Querying Historical Data with AS OF Queries
Dolt is Git for data. It's a
SQL database that lets you branch, merge, and fork your data just like
you would a Git repository. In previous blog posts we announced how
you can use special system tables to query the history of your
database. Today,
we're excited to announce a simpler syntax for exploring the history
of your datasets: AS OF
queries.
SQL AS OF clauses
SQL introduced the AS OF
syntax in SQL
2011. Its basic form is easy
to understand:
SELECT * FROM myTable AS OF TIMESTAMP("2019-03-01");
As you would expect, this query returns rows from the table as it existed on the date provided.

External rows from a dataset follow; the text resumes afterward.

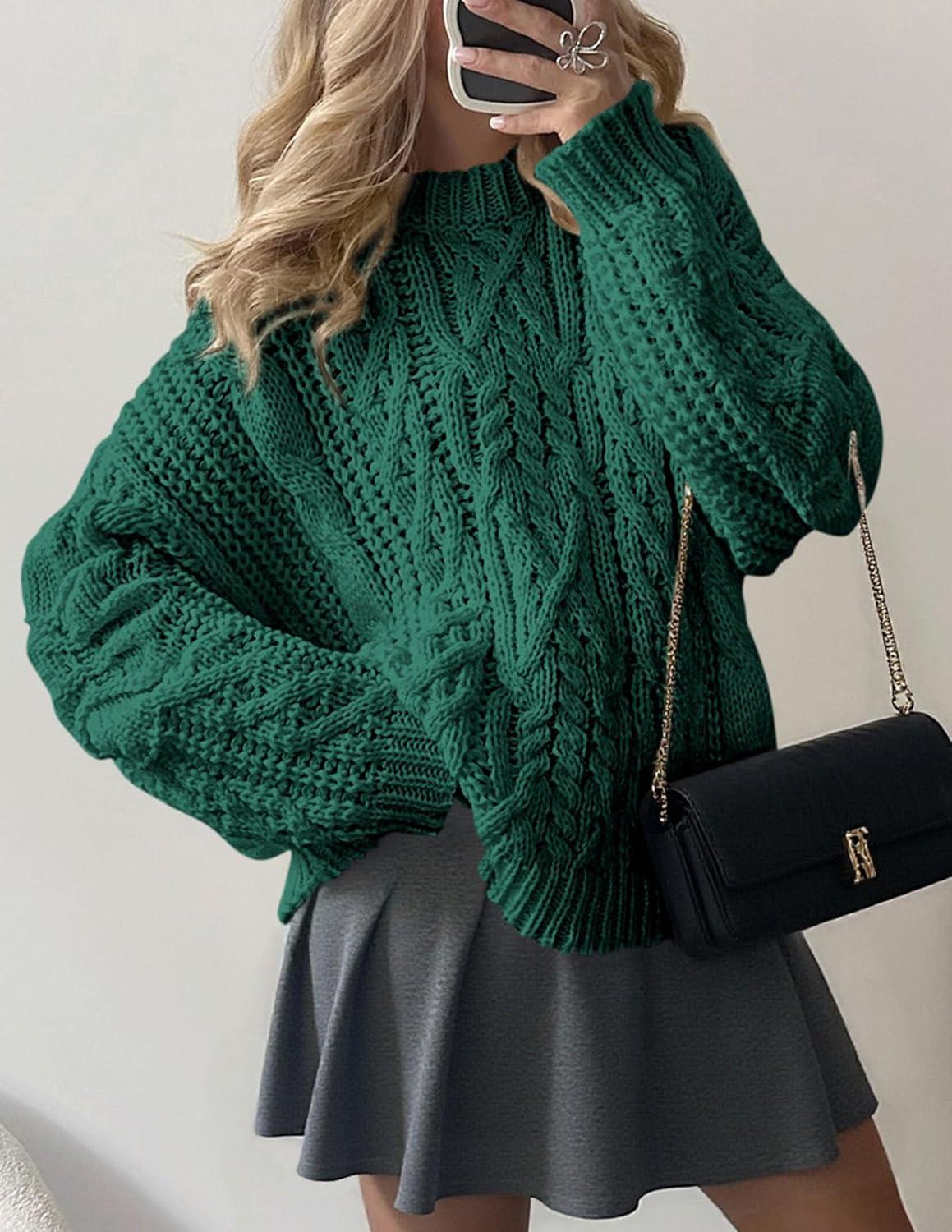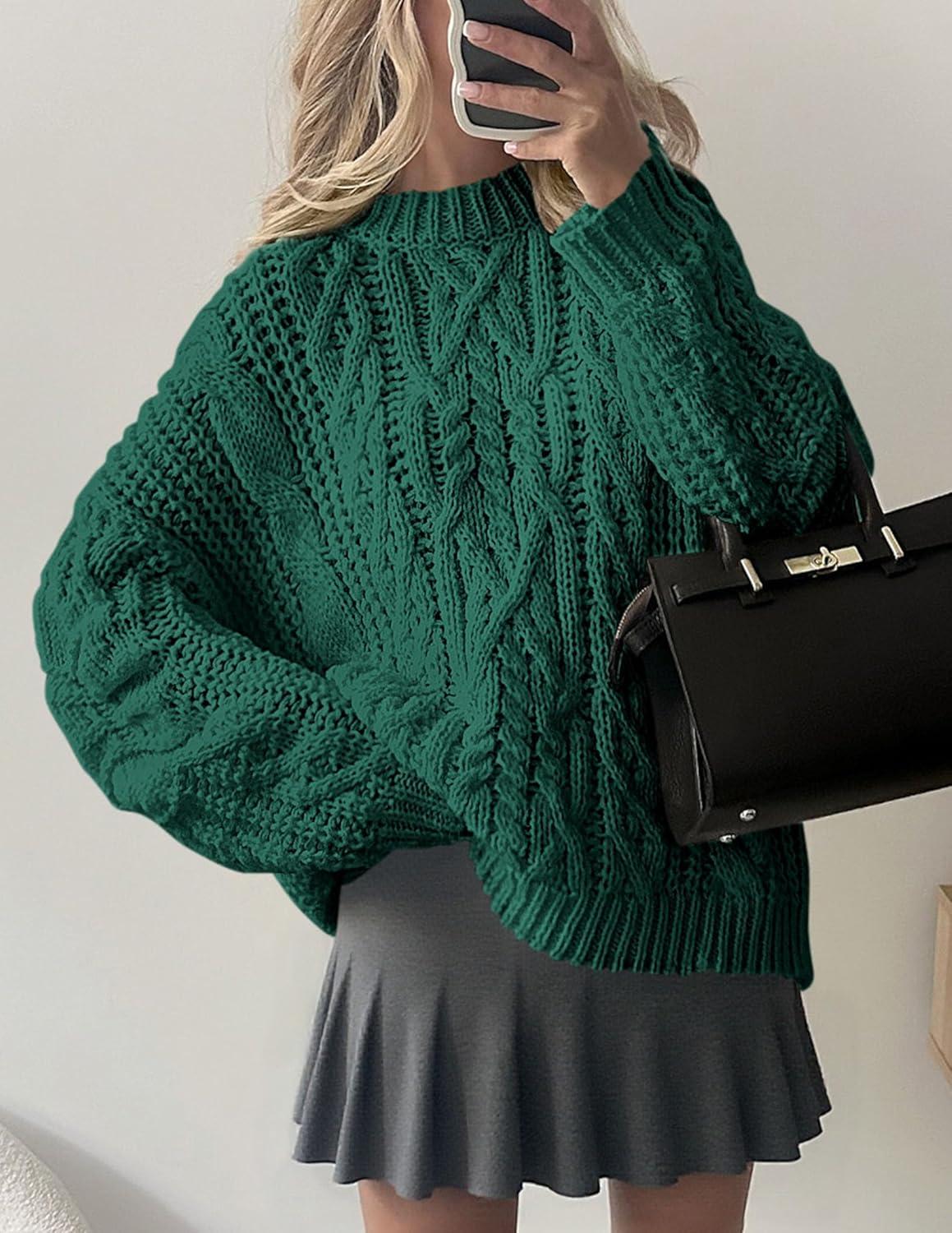 PRETTYGARDEN Women’s Oversized Fall Sweaters 2025 Casual Long Sleeve Crewneck Chunky Cable Knit Pullover Tops Winter Clothes(Green)
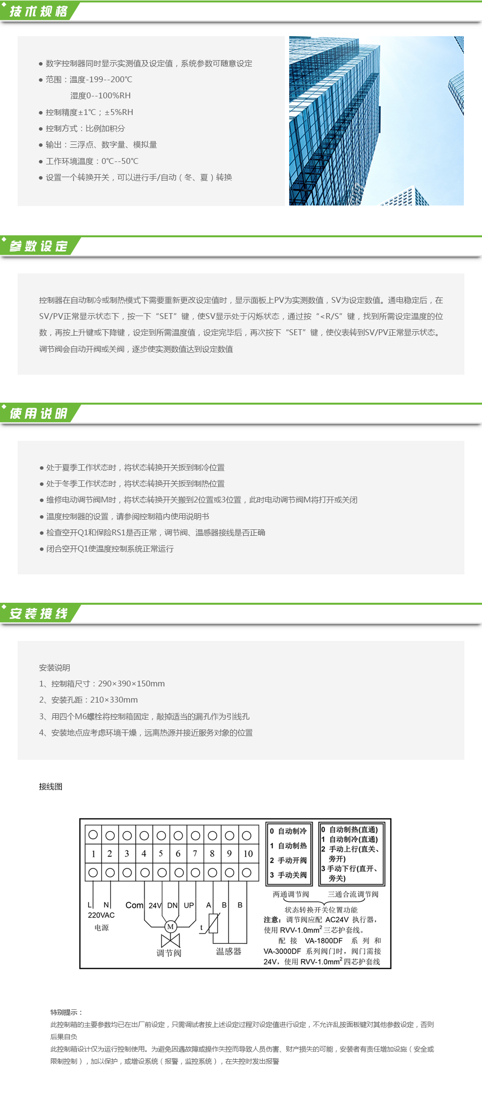 HL-KZ1201系列溫度控制箱內(nèi)配裝CH402系列鋰化表控制器,用于水管道或風(fēng)系統(tǒng)的控制。通過(guò)對(duì)檢測(cè)參數(shù)與箱內(nèi)控制器上用戶設(shè)定的參數(shù)相比較、判斷,來(lái)控制電動(dòng)調(diào)節(jié)閥,達(dá)到水溫式室溫的自動(dòng)調(diào)節(jié)。
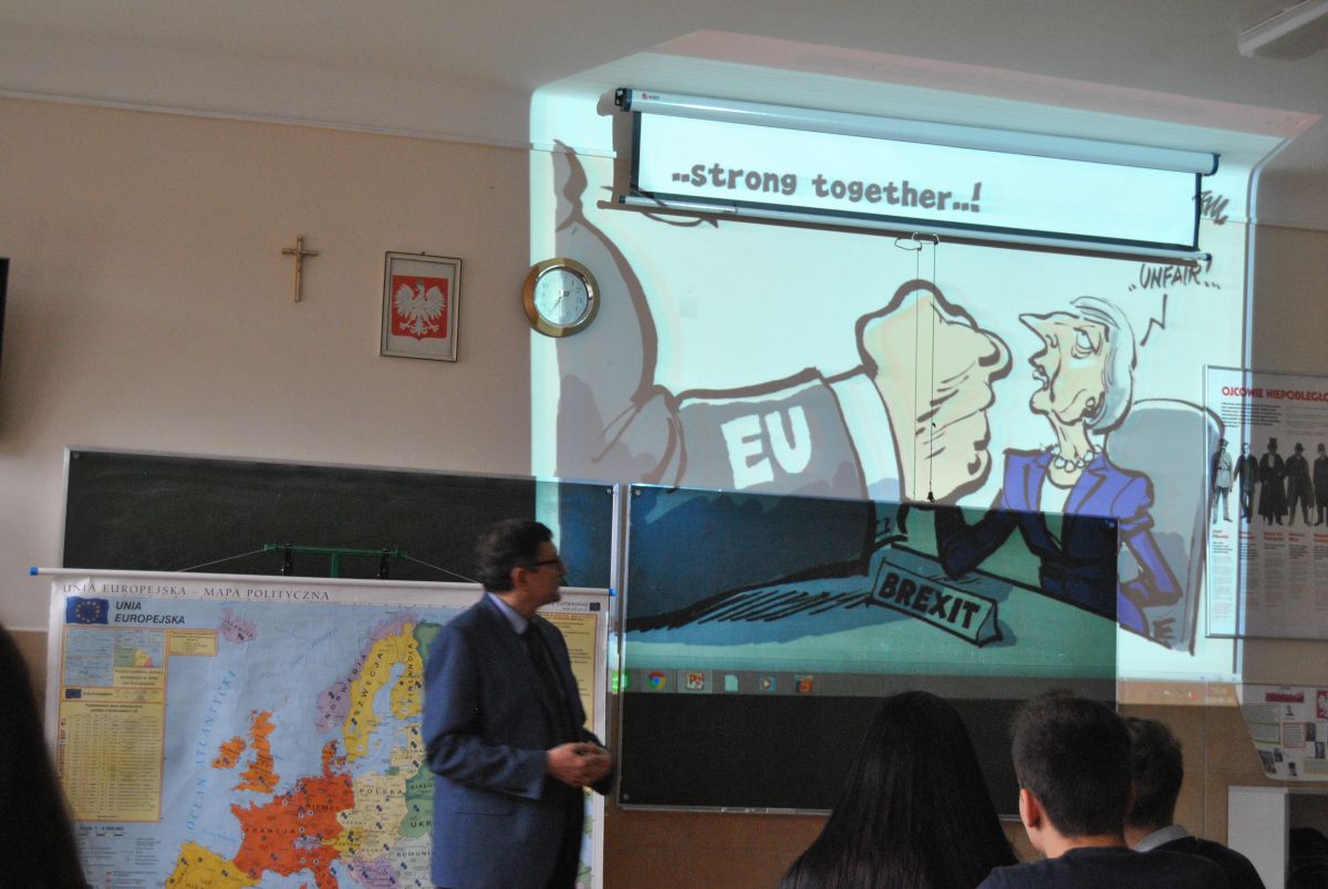 Tematem zajęć była "Unia Europejska przed i po Brexicie". Uczniowie poznali problemy ekonomiczne , społeczne i polityczne związane z wyjściem Wielkiej Brytanii z Unii Europejskiej. Koordynatorem spotkania była p. E. Derek
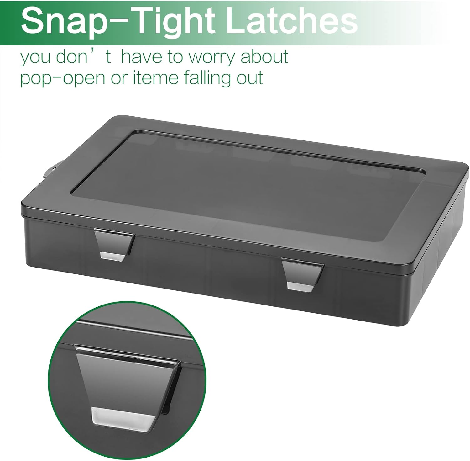 Large 24 Grids Plastic Organizer Box Adjustable Dividers,Clear Storage Box for Jewelry, Art DIY Crafts, Washi Tapes, Beads and Small Parts(Black, 1Pack)
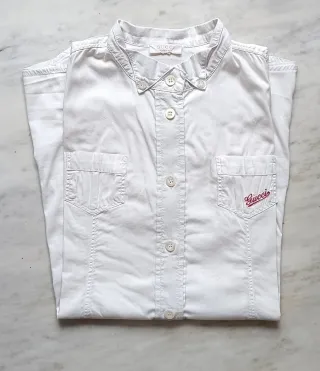 Vestitino camicia vintage da bambina firmato Gucci, made in Italy. Bello il colletto. Taschino all' altezza del petto con firma ricamata. Bottoni firmati. Presenta degli ingiallimenti sotto le ascelle ( visibili in foto). Misure: - Spalle: 25 cm - Ascella-Ascella: 35,5 cm - Lunghezza: 62 cm
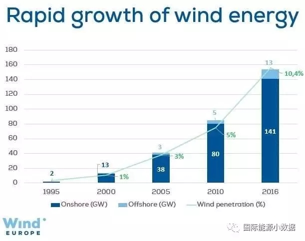 中國儲(chǔ)能網(wǎng)訊:根據(jù)Wind Europe的數(shù)據(jù),過去20年來風(fēng)電在歐洲(歐盟28國)迅速發(fā)展。到2016年底,歐洲國家風(fēng)電裝機(jī)已經(jīng)達(dá)到154吉瓦,其中13吉瓦為海上風(fēng)電;2016年風(fēng)電占發(fā)電量的比例達(dá)到10.4%。

Like many SQL features, its adoption and implementation has varied significantly across different vendors. The above simple syntax is actually a deviation from the SQL spec, adopted by both Oracle and Microsoft, but not MySQL / MariaDB. The details vary a lot too. In MySQL and SQL Server, you have to use a special syntax when you create your tables to enable versioning. In Oracle, you just turn on versioning on the entire database, and old-enough versions get garbage collected automatically. Postgres doesn't support versioned tables out of the box, requiring you to install a plugin first.
AS OF in Dolt
Dolt's versioning is a graph
of commits, just like Git. So in addition to timestamp queries like in
other database, you can query a
Dolt database with Git-like
refs in your AS OF
clauses. The following are all valid
Dolt SQL queries:
SELECT * FROM myTable AS OF TIMESTAMP("2020-03-01");
SELECT * FROM myTable AS OF 'HEAD~';
SELECT * FROM myTable AS OF 'HEAD~20';
SELECT * FROM myTable AS OF 'feature-branch';
SELECT * FROM myTable AS OF '4gunscn1j6ijtsj121m7bjaj4j8grjmv';
The latter four examples all use dolt refs instead of a timestamp, and work the way you would expect.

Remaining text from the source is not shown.